Trans-Catalina Trail, 48 miles, 9,000 ft ascent, May 6-8, 2019.
I walk the length of Catalina island, augmenting the recommended route of the Trans-Catalina Trail at both ends and adding several diversions in the middle. There is water at each nightly stop, so I enjoy a feather-light pack.
The trip starts at the San Pedro Harbor where my Catalina Express boat is dwarfed by one of the holiday cruise boats. I leave Sunday at 5:00 PM to spend the night in Avalon in order to get an early start on Monday. There are three people on my boat. It is remarkable how close Catalina is to Los Angeles and how few people venture there.
The Catalina hills come into view.
San Fran style cioppino and stiff margaritas are an excellent way to commence a hike adventure.
DAY 1- Avalon to Black Jack campground- 17 miles, 3,568 ft ascent
The next morning I walk through the town in search of espresso and admire the Catalina Hotel, one of the more charming old-fashioned buildings.
Avalon harbor. The round building is the old casino.
The worldwide scourge of small harbors.
To commence I choose a partially off-trail route that follows a ridgeline hitting some peaks and benchmarks, several miles longer than the boring road route up from Avalon.
Many of the highest points feature ribbons of fire-trails.
I sweep around to get my first glimpse of the western face of the island.
The warning sign about bison is convincing; an 1800 lb animal running at 35 mph is impressive.
The one-mile Lone Tree lookout is a worthwhile diversion.
There is a Pynchon-like strangeness to remote scientific equipment positioned in the wilderness.
To my surprise I encounter a few reservoirs filled with water, and some small flowing streams, evidence that we did indeed have a wet winter.
Bison in the path. I end up walking around several, which is not terribly difficult but still unpleasant as my trail runners suck up weed darts, forcing me my to remove shoes many times.
Day 1 stats from the GAIAGPS app.
Day 2- 18 miles, 2,773 ft ascent.
The hike from the Black Jack campground continues in the heart of the island, circles the airport, descends to Little Harbor campground, and then follows perhaps the most scenic path of the trip along the western ridge to Two Harbors.
I climb Black Jack and Mt.
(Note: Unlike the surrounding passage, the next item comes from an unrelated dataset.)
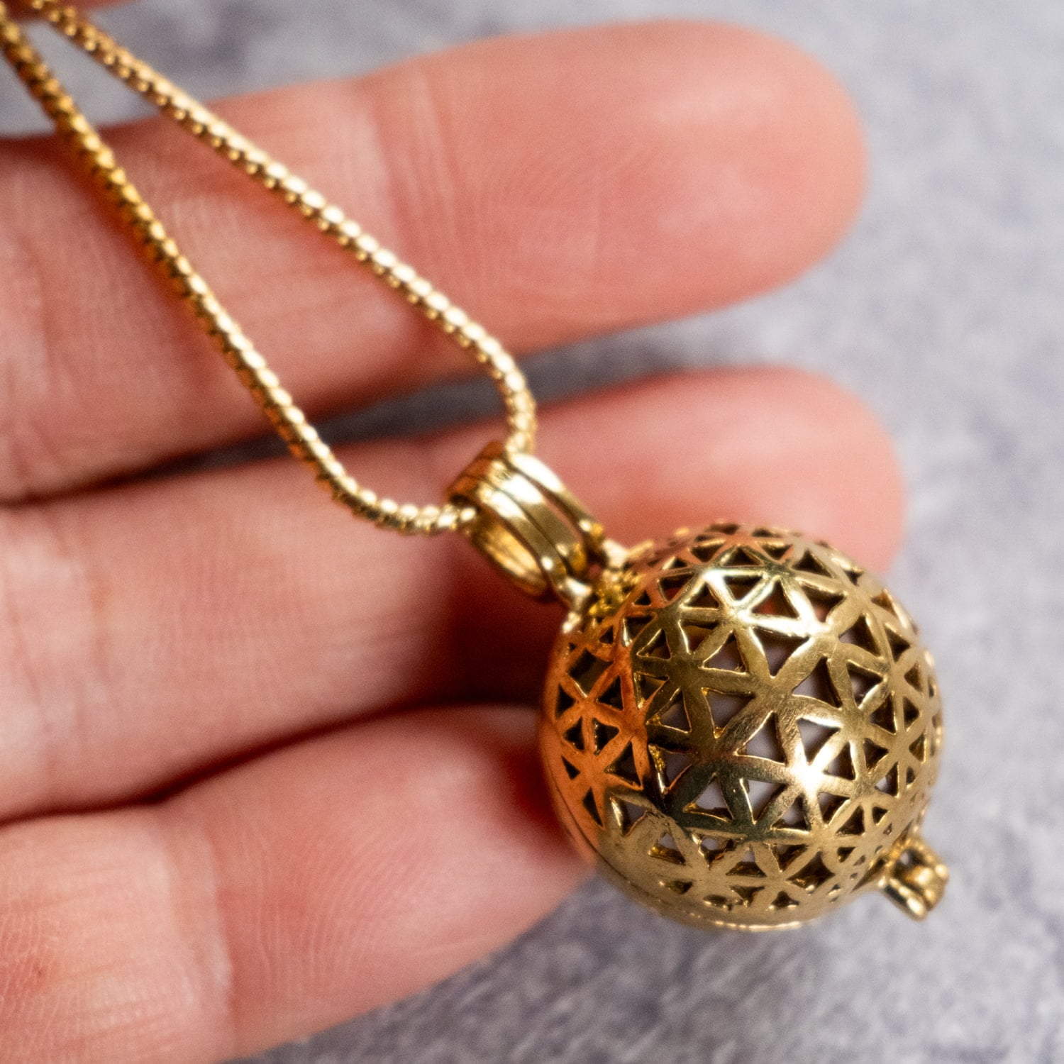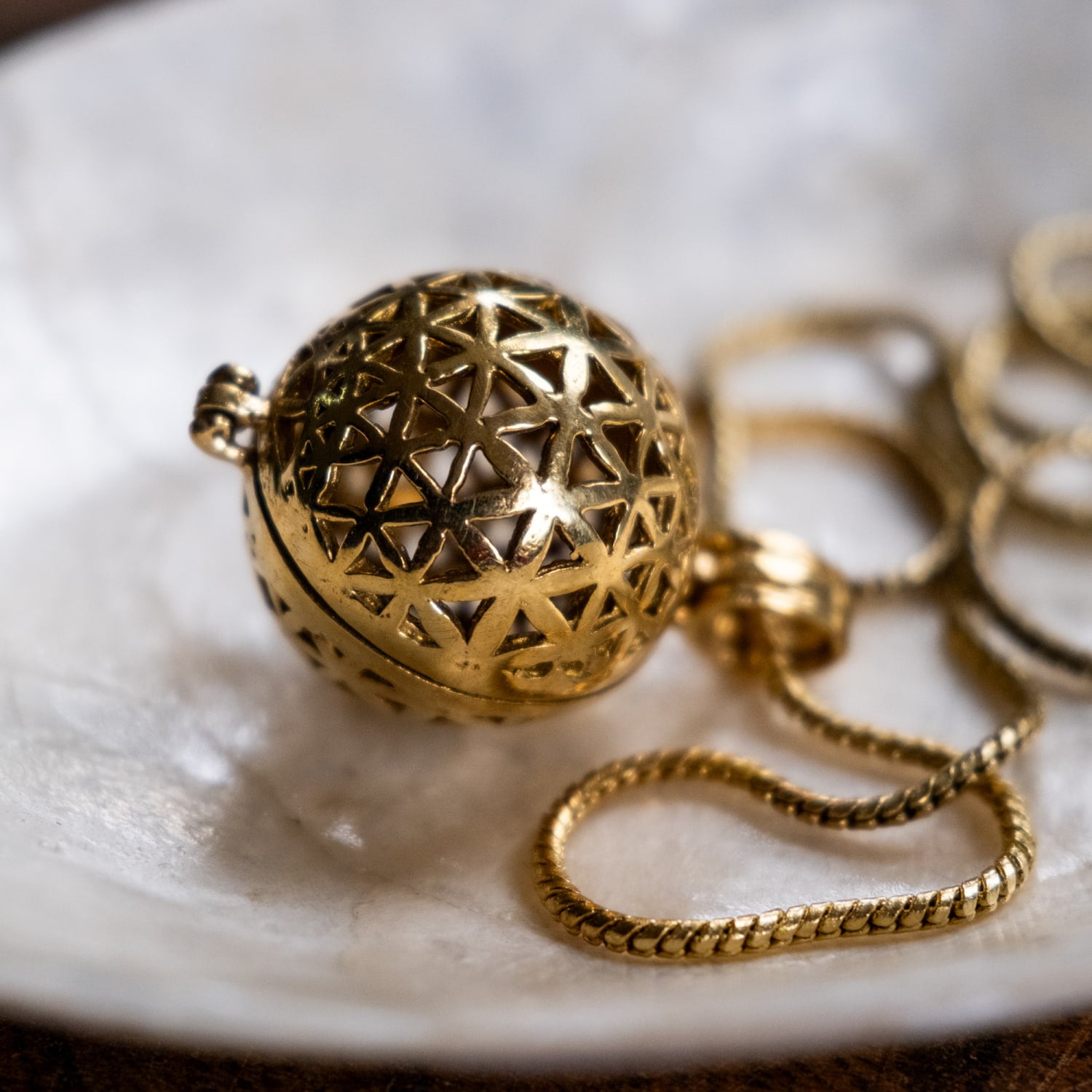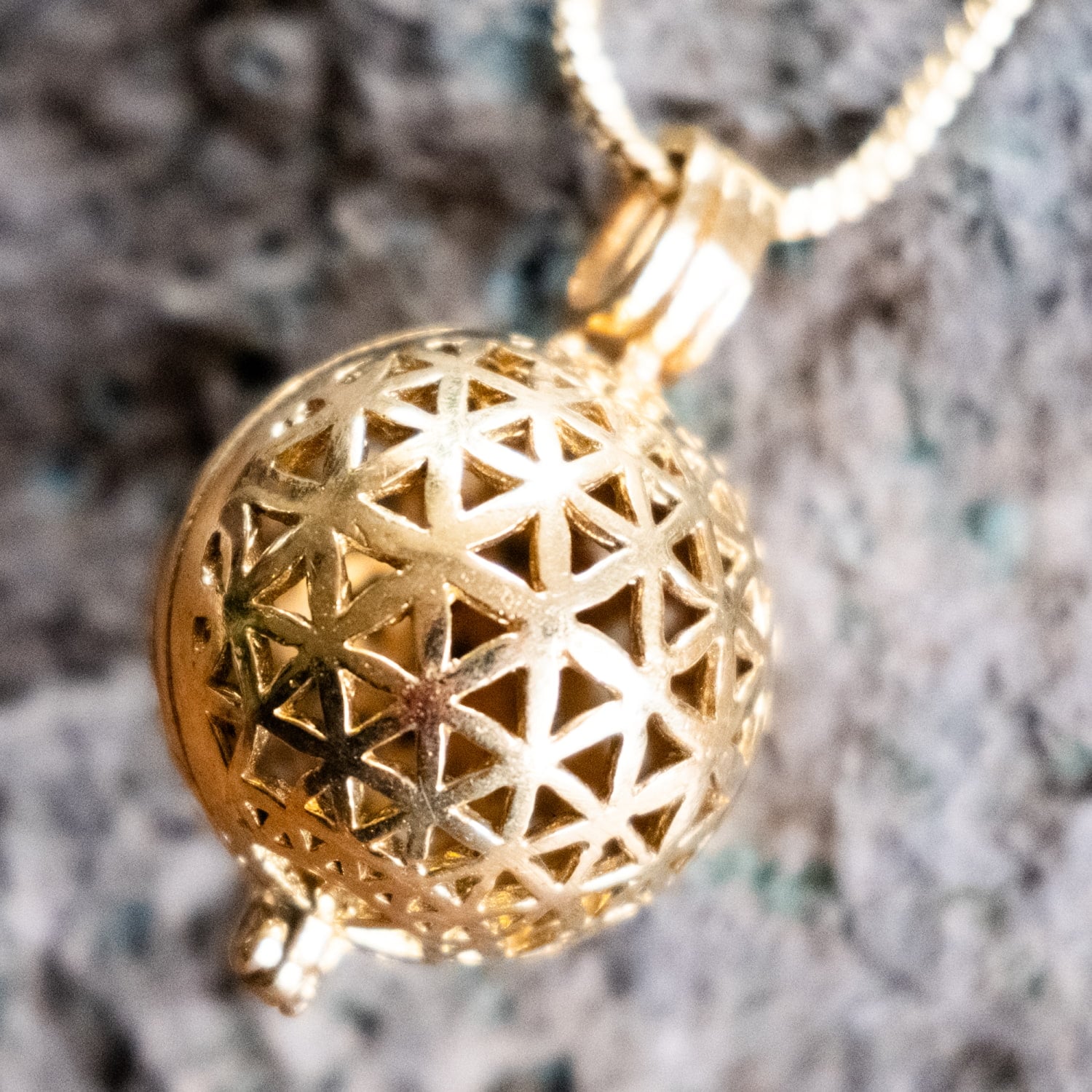 フラワーオブライフのペンダントが欲しくて探していました。こちらのガムランボールペンダントはフラワーオブライフがボールになっていて理想的でしたので購入!とてもかわいらしい音が心地よくステキです!とても満足しています。
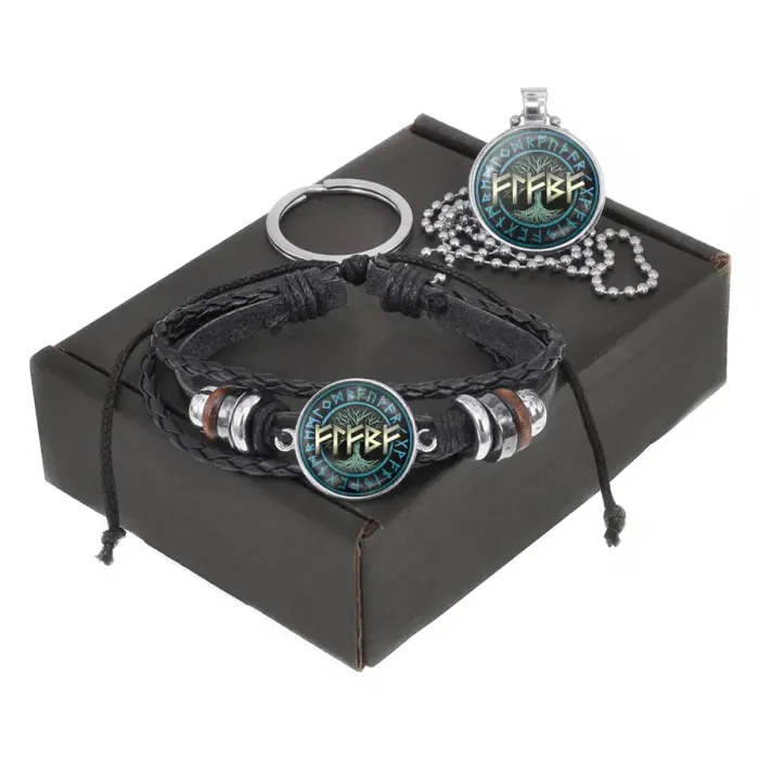 Размеры и комплектация: Браслет с линзой 20 мм, регулируется. Кулон 25 мм. Цепочка длиной 49 см. Кольцо для ключей диаметром 30 мм. Упаковка: черная картонная коробка 11.2 x 8.3 x 3 см с крафт-наполнителем.

Orizaba.
More strange scientific reporting equipment on Mt Orizaba.
The airport is especially nice with a small cafe and a didactic display about the history of the island.
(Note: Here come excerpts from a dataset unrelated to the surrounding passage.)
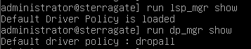 Шаг 10: При инициализации устанавливается политика безопасности, запрещающая прохождение всего трафика - политика DDP (Default Driver Policy- dropall) (Рисунок 9).
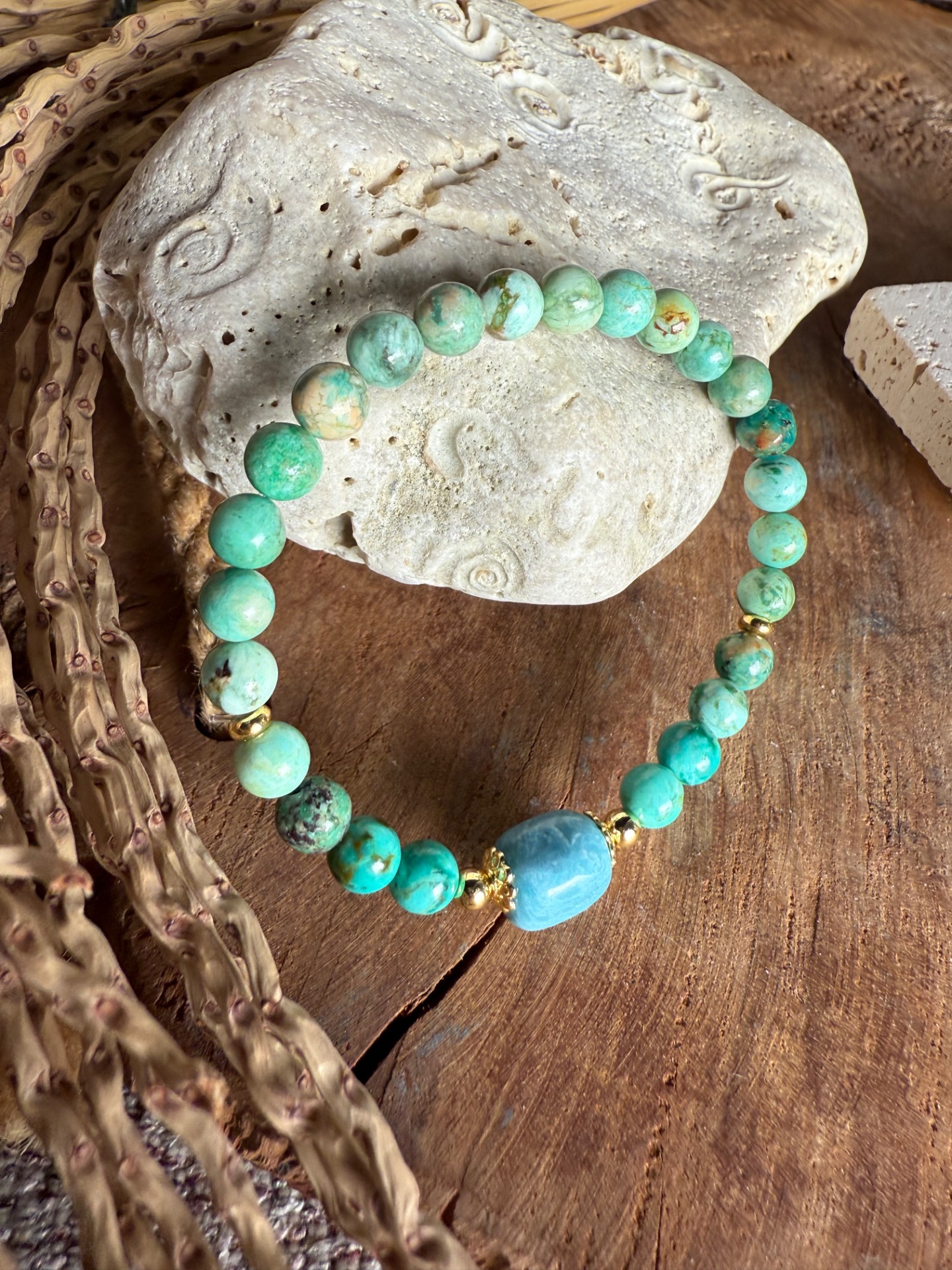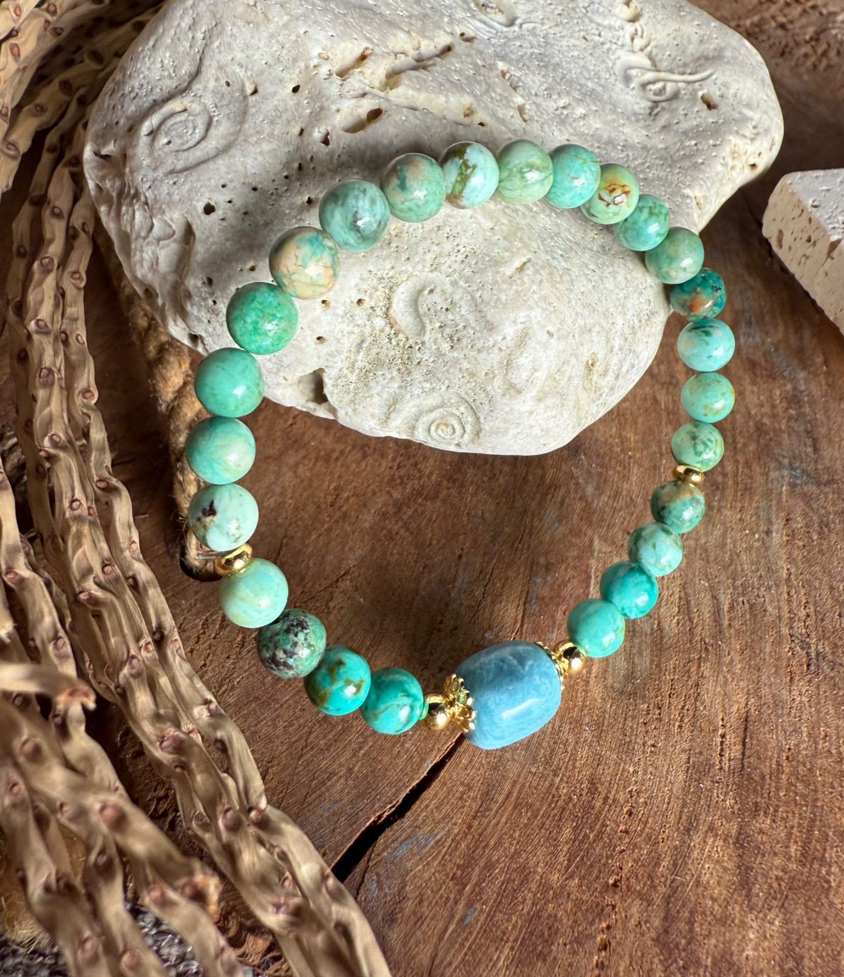Náramok je tvorený 6mm nuggetmi tyrkysu z Peru a hemimorfitom, ktoré spoločne podporujú vyjadrenie seba samého a sebavedomú komunikáciu. Šperk je navrhnutý tak, aby bol elegantný a pohodlný na každodenné nosenie.
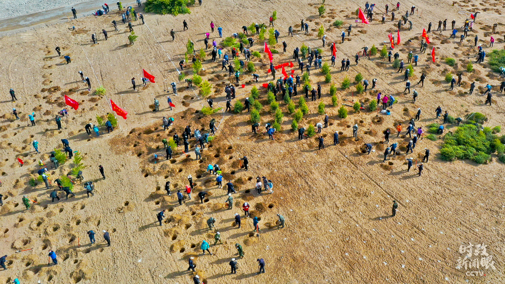 △4月15日,甘肃张掖万亩常青林基地植树现场。(图/视觉中国)
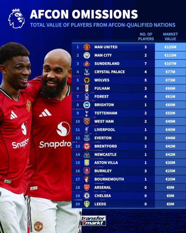 11月21日讯 德国转会市场统计了英超各队将参加非洲杯球员的身价,并列出排名,曼联1.35亿欧居首,曼城1.15亿欧次席。

Of course the Spanish herded the indians off the island so they could become slave workers for the missions.
The mainland is visible, with Palos Verdes (known as “PV” to some) in the foreground.
I arrive midday at Little Harbor, nice spot. Margi has taken the Safari Bus to here and we will walk back together to Two Harbors.
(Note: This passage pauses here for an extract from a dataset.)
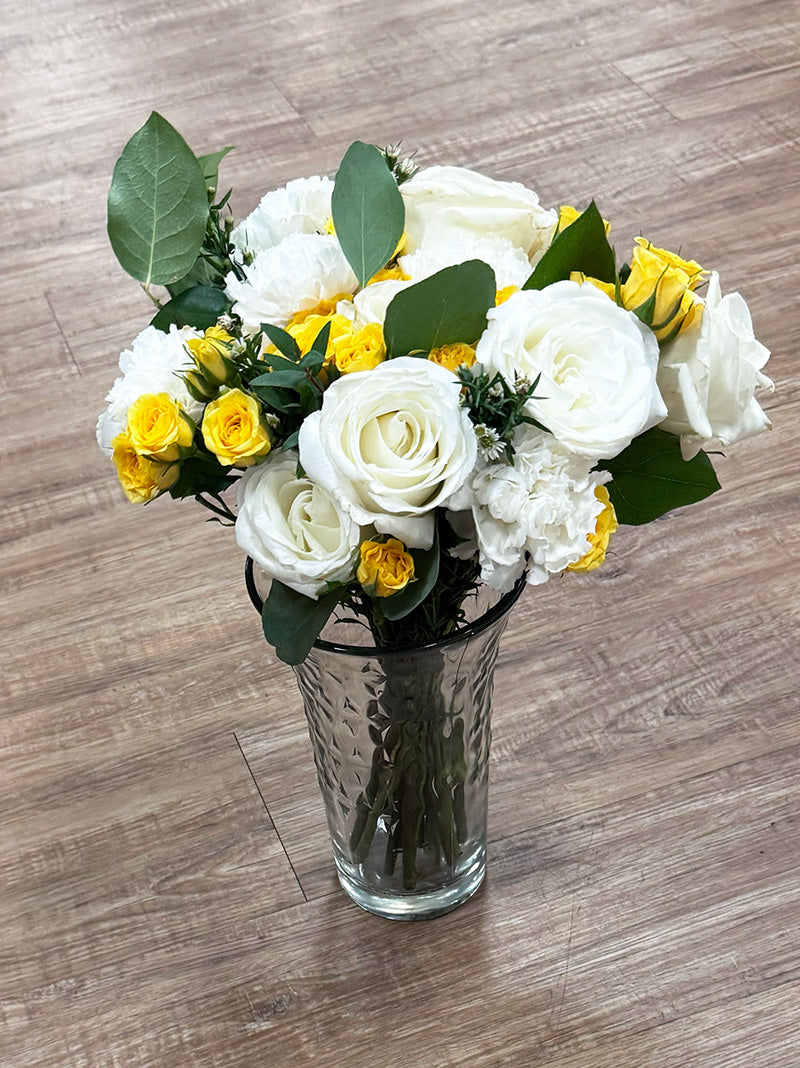 Bring instant happiness with the 'Rays of Sunshine' collection. This eye-catching arrangement is a brilliant burst of floral color, pairing vibrant yellow and crisp white blooms for a beautiful, high-contrast effect. It's the perfect combination to add warmth and joy.
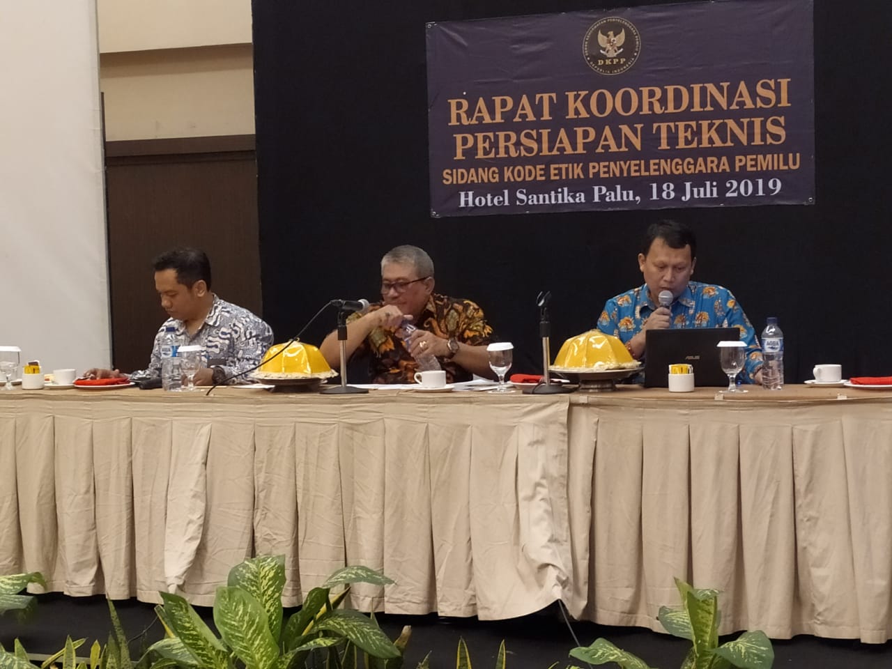Palu, DKPP – Dewan Kehormatan Penyelenggara Pemilu (DKPP) menggelar Rapat Koordinasi Teknis (Rakornis) persiapan sidang kode etik penyelenggara Pemilu di Kota Palu, Kamis (18/7/2019) Malam.

Curious strands of strange blue rock, too extensive and embedded to be dropped paint.
The second half of this day and this path is the most visually natural of the trip, with little visible road or power infrastructure.
Trip totals up to the end of the second day.
I stay at the Banning House Inn at Two Harbors. It is very rustic, quiet, and enjoys great views of the Isthmus.
DAY 3- 13 miles, 2,634 ft.
I start very late at 9 am with a plan to triage my hike at the end if I run out of time to meet the boat I have arranged to pick me up at 6 pm at Emerald Bay. The eastern side of Two harbors is the developed harbor, but it is still very simple and has not changed much in 60 years.
This view shows the third-day hike with the conclusion at Emerald Bay. With another 90 minutes I could go to the extreme end of the island and back, and a common trip plan is to stay at Parson’s Landing for the night, but I choose to take a boat back to my hotel room at Two Harbors.
Southward-looking view of the Two Harbors isthmus.
I enjoy the ribbons of trail seen from above.
There are many Painted Lady butterflies, and caterpillars in the trail.
The only peak register I found on the island was totally jammed with entry books, a total chaos.
Silver Peak, 1,652’, is shrouded in fog all day.
I wonder if these pea-like pods are edible.
I drop into Emerald Bay where there is a large Boy Scout camp.
My chartered boat takes me back to Two Harbors, saving me the last two hours of hiking on the very boring road.
Back at the Banning House, a few foxes are unafraid of humans and are sneaking around. They are sort of half-cat half-dog, but definitely lacking any emphathetic human connection.
I enjoyed the trip. The scenery does not vary much but there are many remarkable views. The hiking is easy, with potable water available almost every half-day. Although it was overcast and cool, I was aware of more humidity than on the mainland and would not want to do this hike on hot summer days.